While the New York's point guards are arguably the least talented group in basketball (at least on offense), there’s likely more to it than that. As usual with this team, when we’re talking about offense, it comes down to spacing. The Knicks, you may have noticed, have very little of it.

“But wait,” you might say, “the Knicks are an above average team from deep this year! They should shoot more threes!” On its face, this is true. According to Cleaning the Glass, New York is shooting an even 36 percent from long range on the season, which ranks 13 in the NBA. If they simply took more of them (they’re currently 25 in frequency of 3-pointers taken), then shouldn’t this solve all of their problems?

If they keep trotting out the same lineup combinations and running the same plays, that’s highly doubtful. The Knicks have lost all 11 games this season when they’ve taken over 30 triples. Of those 11, only four saw them shoot above 31 percent from deep: their season opener versus San Antonio, the one-possession losses to Boston and Brooklyn early on, and Saturday against Indiana.

In short, teams are daring them to take “bad” threes – ones shot by subpar shooters - and it hasn’t worked out in their favor. The guys who can actually make these shots are well-covered, while the men who can’t are left firing away to their heart’s content. This is what smart teams do, and in 2019, most teams in the league are smart (present company excluded, at least until Saturday afternoon). As a result, the spacing on pick and rolls has suffered, and we end up with some of the desultory numbers from above.

We may be seeing a change though, albeit small ones, that could help the young players improve their opportunities in the pick and roll as the season progresses and get Mitch more opportunities. 

On Saturday night, of the Knicks 31 attempts from deep, 22 were taken by those who most consider their four of their five best shooters from long range: Marcus Morris (4-for-8), Damyean Dotson (2-for-8), Kevin Knox (2-for-4) and Bobby Portis (0-for-2). That works out to 36 percent, which is right at New York’s season average, and a perfectly fine number given enough volume. Dotson in particular was ready to fire away whenever he saw the ball – a welcome change which, if it eventually makes its way into scouting reports, should help loosen things up.

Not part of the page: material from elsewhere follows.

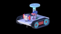 免耕移栽机结构主要由四部分结构组成,分别为下苗机构、种植机构、覆土机构、运动机构组成。对于种植机构,综合考虑了以往耕地机设计对于泥土的破坏,采用了旋转挖土机构,在减少沙漠环境泥土松动加剧的同时,保护了水分、营养的减少,喷射化肥与水,加大了柠条的存活率。同时利用齿轮传动,可以根据不同地面高度的需要随时调整插苗深度。对于下苗机构,查资料充分考虑3株苗为标准种植等特性,以轮盘等机械结构控速转动下料。对于运动机构,采用履带,能够适应更加复杂的地形。对于覆土机构,由于在种植过程中对土移动较小,据此设计移动了对土壤破坏较小覆土机构。

Meanwhile, brickity brick brick-layers Julius Randle (23.8 percent on a staggering 80 attempts) and Dennis Smith Jr. (29 percent on 31 looks) only took one long-ball each, and Randle’s was a wide open look from the corner.

Finding creative ways to get his shooters more open looks seemed to be a priority in Mike Miller’s first game. The Knicks set cleaner screens and ran several actions we haven’t seen much of, at least not successfully executed ones. If the rotations continue to trend towards going smaller and more shooter-heavy, things should get even better.

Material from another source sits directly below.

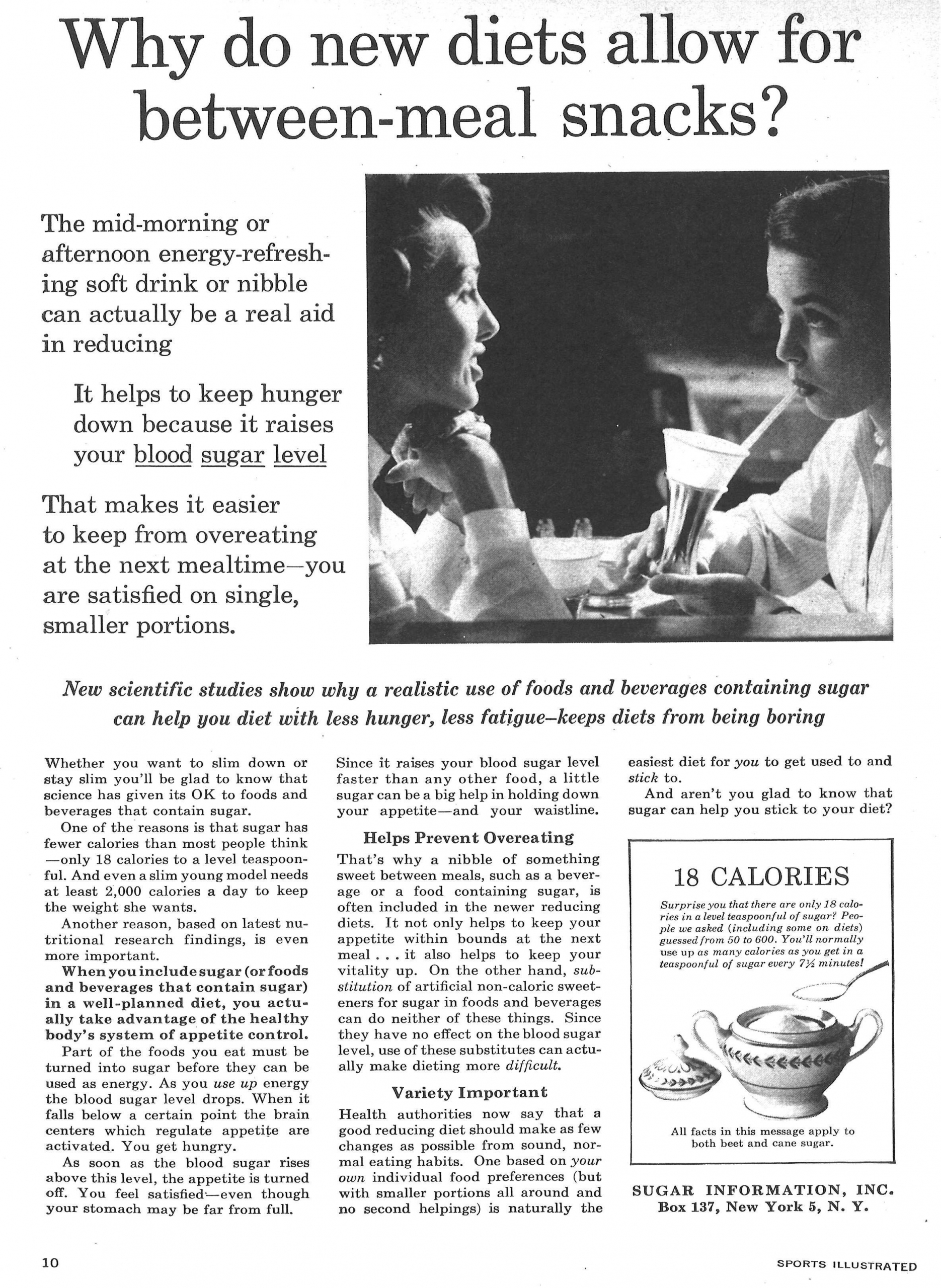 “…When you include sugar (or foods and beverages that contain sugar) in a well-planned diet, you actually take advantage of the healthy body’s system of appetite control. Part of the foods you eat must be turned· into sugar before they can be used as energy. As you use up energy the blood sugar level drops. When it falls below a certain point the brain centers which regulate appetite are activated. You get hungry. As soon as the blood sugar rises above this level, the appetite is turned off. You feel satisfied — even though your stomach may be far from full .

We already saw some positive signs, but with more work to be done:

In the first play here, the Knicks get lucky that T.J. Warren - not the most aware defender, which is ironic considering who he's guarding on the play - sticks to Julius Randle when he should be helping prevent the drive by Frank. He doesn't, and the seas part.

In the second play, both Sabonis and Holiday (correctly) help off Randle and Ntilikina, respectively, which seems to form a brick wall. Thankfully, RJ Barrett makes a perfect pass and Mitchell Robinson is a human pogo stick, so it doesn't matter. Ideally, from here on in, the Knicks won't need to worry about poor defense and/or perfect plays to get their kids valuable experience.

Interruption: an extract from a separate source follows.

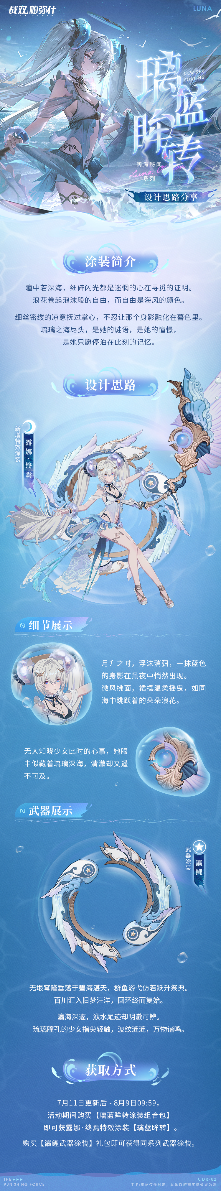 7月11日更新后 - 8月9日09:59,活动期间购买【璃蓝眸转涂装组合包】即可获得露娜·终焉特效涂装【璃蓝眸转】。

If the rest of this season truly is all about development (spoiler alert: it is), putting the ball handlers in pick and roll situations that they can actually succeed in has to be among the highest priorities. If that happens, not only should Mitchell Robinson's roll frequency increase, but the Knicks' guards should be able to get more practice with basketball's most utilized play in more optimal situations.

The season might not have gone how many hoped, but it doesn't make what happens from here on in any less important.